Of course, idealistic punk collectives are easily as old as the movement itself. What may set the Gaian Mind apart from the many ramshackle operations that have come and gone is a business plan built on used cardboard boxes.
In addition to playing drums in punk/grindcore outfit Resistant Culture and being a self-professed “soccer mom” to younger punks in the L.A. scene, Lawson is also the environmental coordinator for UsedCardboardBoxes.com, a Los Angeles startup that collects boxes from various companies and re-sells them, keeping perfectly good moving boxes out of landfills.
Founded in 2003 by former tech-sector CEO Marty Metro, the company has already partnered with U-Haul and several major apartment rental agencies and is in the process of franchising.
The Gaian Mind space is a Long Beach test franchise. From 9 a.m. to 6 p.m. every day, people can buy inexpensive boxes and, in the process, give the youth center a source of income until its café and art operations hopefully make it self-sustaining, Lawson said. Then, the box operations will be moved and the focus will shift fully to the Gaian Mind project.

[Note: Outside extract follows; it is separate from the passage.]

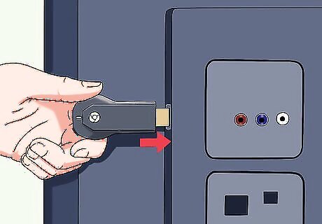 Connect your Chromecast to the display you want to use it with. Before installing the Chromecast software on your computer, connect the Chromecast to the device you want to use it with. If the Chromecast doesn't fit in your TV's HDMI port, use the HDMI extender that came with it. Make sure that the Chromecast is plugged into a power source as well.

Named for the Greek and Roman goddess “Gaia,” or “Earth Mother,” and the related scientific theory that the entire Earth is one living organism, there’s talk of the Gaian Mind center including everything from benefit concerts to organic gardening to alternative education classes to wilderness training programs.
“It’s almost like the punk Boy Scouts,” Lawson half-joked.
The hope is to use the positive activities to divert some passionate young people from the nihilistic path of just “getting wasted.”
“We want to create experiences that are so joyous and meaningful that you want to remember them,” he said. “You would regret it if you got wasted and couldn’t remember anything.”
Lawson still isn’t sure exactly what the Gaian Mind will become, but he hopes it will look good to the people hurtling by on the Blue Line train that runs just outside the center.
“I want them to see punks watering plants and doing their homework and taking care of the land and being responsible citizens,” he said. “It breaks my heart to think that these kids have so much to offer that is not being recognized.”